Every Sunday service in the Christian Science church offers a glorious opportunity for healing. Because of this it also presents, in belief, a temptation to allow the deterring suggestions of the so-called carnal mind to divert one's thoughts from the spiritual to the material, from the truly valuable to the pitiably valueless. Throughout the precious interval preceding the service, every Christian Scientist needs to exercise protection lest his thoughts stray and even his tongue prattle to his neighbor of trivialities. The disturbance caused by whispered conversations carried on before the service would certainly not be occasioned intentionally, but thoughtlessly.

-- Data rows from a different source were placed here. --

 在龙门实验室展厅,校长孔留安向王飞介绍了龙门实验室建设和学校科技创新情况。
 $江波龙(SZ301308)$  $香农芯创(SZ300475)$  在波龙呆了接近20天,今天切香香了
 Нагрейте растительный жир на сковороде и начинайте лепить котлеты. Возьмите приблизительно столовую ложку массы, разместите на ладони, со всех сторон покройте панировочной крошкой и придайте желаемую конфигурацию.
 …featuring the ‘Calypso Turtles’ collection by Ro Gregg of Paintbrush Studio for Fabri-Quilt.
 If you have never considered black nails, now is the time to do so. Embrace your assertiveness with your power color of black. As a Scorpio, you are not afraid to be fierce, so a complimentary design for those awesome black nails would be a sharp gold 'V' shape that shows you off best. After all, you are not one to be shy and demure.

Nevertheless this is one of error's ways of preventing quiet mental preparation, which is so much needed in order that the full fruitage of the service, desired by all and due to all, may be enjoyed.

"He sent his word, and healed them." The power of Spirit is present to heal through the inspired word; and it is safe to assume that at least one individual must have come to the service that day — possibly with much difficulty — in order to obtain some urgently needed comfort and healing. Shall not our consecrated thought help him to find it during that hour? It is not the sound of the Readers' voices that heals, through the hearing of the ear; it is the spiritual meaning of the message which heals and redeems, as it penetrates the consciousness of those present. Properly utilized, the interval before the service enables one to realize the potency of right ideas and the receptivity of the congregation assembled to hear them. The true Light is present "which lighteth every man that cometh into the world." Do we expect enough fruitage from the public reading of the Lesson-Sermon found in the Christian Science Quarterly, "a lesson," our Leader states (Church Manual, Art. III, Sect. 1), "on which the prosperity of Christian Science largely depends"?

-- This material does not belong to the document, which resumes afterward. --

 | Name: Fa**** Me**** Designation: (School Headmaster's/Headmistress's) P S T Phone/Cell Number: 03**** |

This one hour of the Sunday services has an especially sacred purpose. Did not Christ Jesus, in his hour of acute need, say to his slumbering disciples who were lulled to sleep by the mesmerism of the physical senses just when he most needed their support, "Could ye not watch with me one hour?" As each student of Christian Science present strives to reflect purity and peace, the sick may depart healed, the sinner be cleansed of his besetting sin, the sorrowing set free; the unemployed may be inspired to find his work, and breaches of friendship may be drawn together in that selfsame hour.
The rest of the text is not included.